What is this blog about?


What is this blog about?

I am a political philosopher. My 'political philosophy' is a form of 'liberal egalitarianism.' So in this blog I reflect on various issues in political philosophy and politics (especially Canadian and American politics) from a liberal egalitarian perspective.

If you are curious about what I mean by 'liberal egalitarianism,' my views are strongly influenced by the conception of justice advanced by John Rawls. (So I sometimes refer to myself as a 'Rawlsian,' even though I disagree with Rawls on some matters.)

Astonishingly, I am paid to write and teach moral and political philosophy. I somehow manage to do this despite my akratic nature. Here is my faculty profile.

Tuesday, August 15, 2017

Guns versus freedom of speech

The nature of freedom and its social preconditions is one of my central research interests. Most of my past academic work on this topic has been on the role of ‘money’ (economic resources) and education (intellectual resources) in facilitating citizens’ effective freedom. But of course citizens’ freedom can be constrained or expanded by other things. In the case of the United States (and pretty much only the United States, at least amongst Western liberal democratic societies), widespread civilian ownership of firearms—including the right to freely carry them in public places—greatly constrains most citizens’ freedom.

This view is contrary to the mainstream American view concerning this topic. Many people on both sides of the ‘gun control debate’ within the United States agree that allowing citizens to own firearms enhances their freedom—the question (as it’s generally framed) is whether this freedom is sufficiently important or valuable to outweigh the foreseeable costs for citizens’ health, safety, and lives. Proposals to limit or regulate citizens’ access to and use of firearms are justified by American gun control advocates, for the most part, on grounds of public health and safety.

This way of framing the issue is mistaken. It unjustifiably cedes intellectual ground to firearms advocates. Permitting anyone to own and carry in public places deadly firearms decreases the overall freedom of the citizenry; it does so by increasing the overall level of private, arbitrary coercive power (via threats of force and exercises of force by individual citizens) within society. Or so I have argued in the past.

I’m pleased to see others articulating something like this way of construing the relationship between firearms and freedom. Focusing on freedom of speech, at Slate Dahlia Lithwick and Mark Joseph Stern have great piece entitled, “The Guns Won: Charlottesville showed that our First Amendment jurisprudence hasn’t reckoned with our Second Amendment reality.”

Here are some of the key points from their article:
“When demonstrators plan to carry guns and cause fights, does the government have a compelling interest in regulating their expressive conduct more carefully than it’d be able to otherwise? This is not any one judge’s fault. It is a failure of our First Amendment jurisprudence to reckon with our Second Amendment reality.
Charlottesville proves that this issue is hardly theoretical anymore.”

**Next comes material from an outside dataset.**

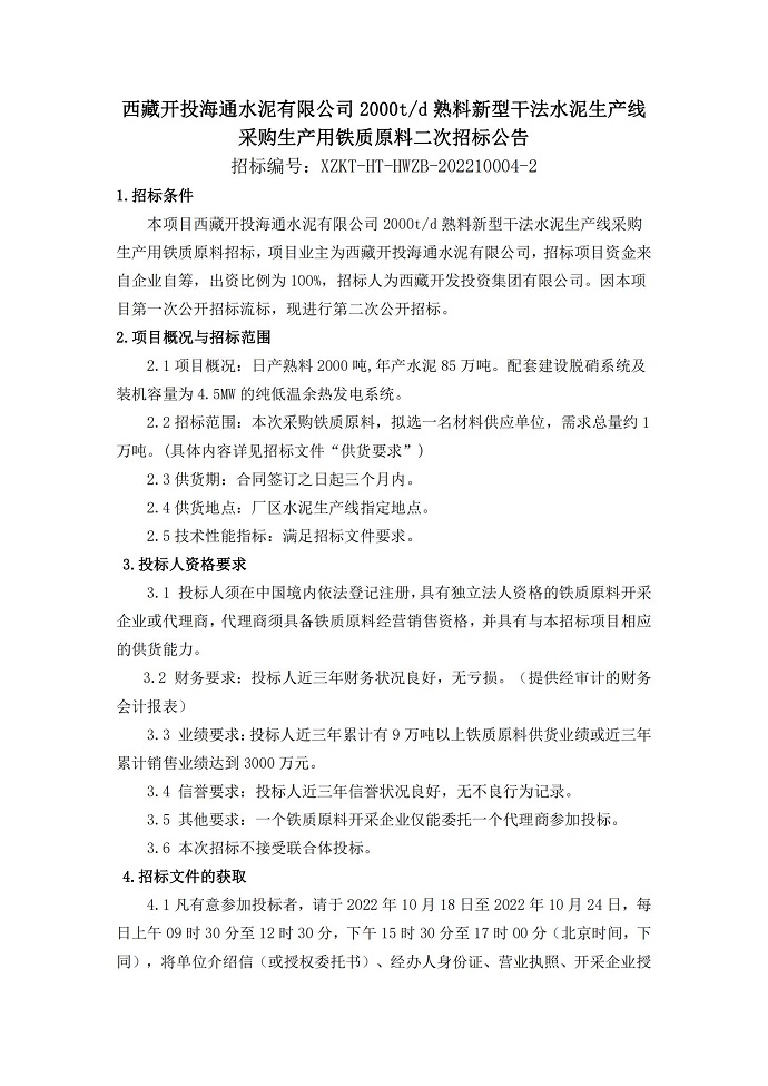 采購生產用鐵質原料二次招標公告

“This conflict between the right to bear arms and the right to free speech is nothing new, but the sudden surge in white nationalist activism has made it painfully obvious that, in the public square, the right to bear arms tends to trump the right to free speech.”

“The result is an alarming form of censorship: Nonviolent demonstrators lose their right to assemble and express their ideas because the police are too apprehensive to shield them from violence. The right to bear arms overrides the right to free speech. And when protesters dress like militia members and the police are confused about who is with whom, chaos is inevitable.”

“It’s perfectly reasonable for courts to consider the speech-suppressing potential of guns when evaluating a city’s efforts to keep the peace. And it will be perfectly lethal if they fail to take the Second Amendment reality into account, as they reflect upon the values we seek to protect with the First.”
The core problem posed for freedom of speech by guns is expressed succinctly by Siva Vaidhyanathan in his piece for the New York Times (“Why the Nazis Came to Charlottesville”): “There is no ‘free speech’ if anyone brandishes firearms to intimidate those they despise. You can’t argue with the armed.”

An armed society is an unfree society.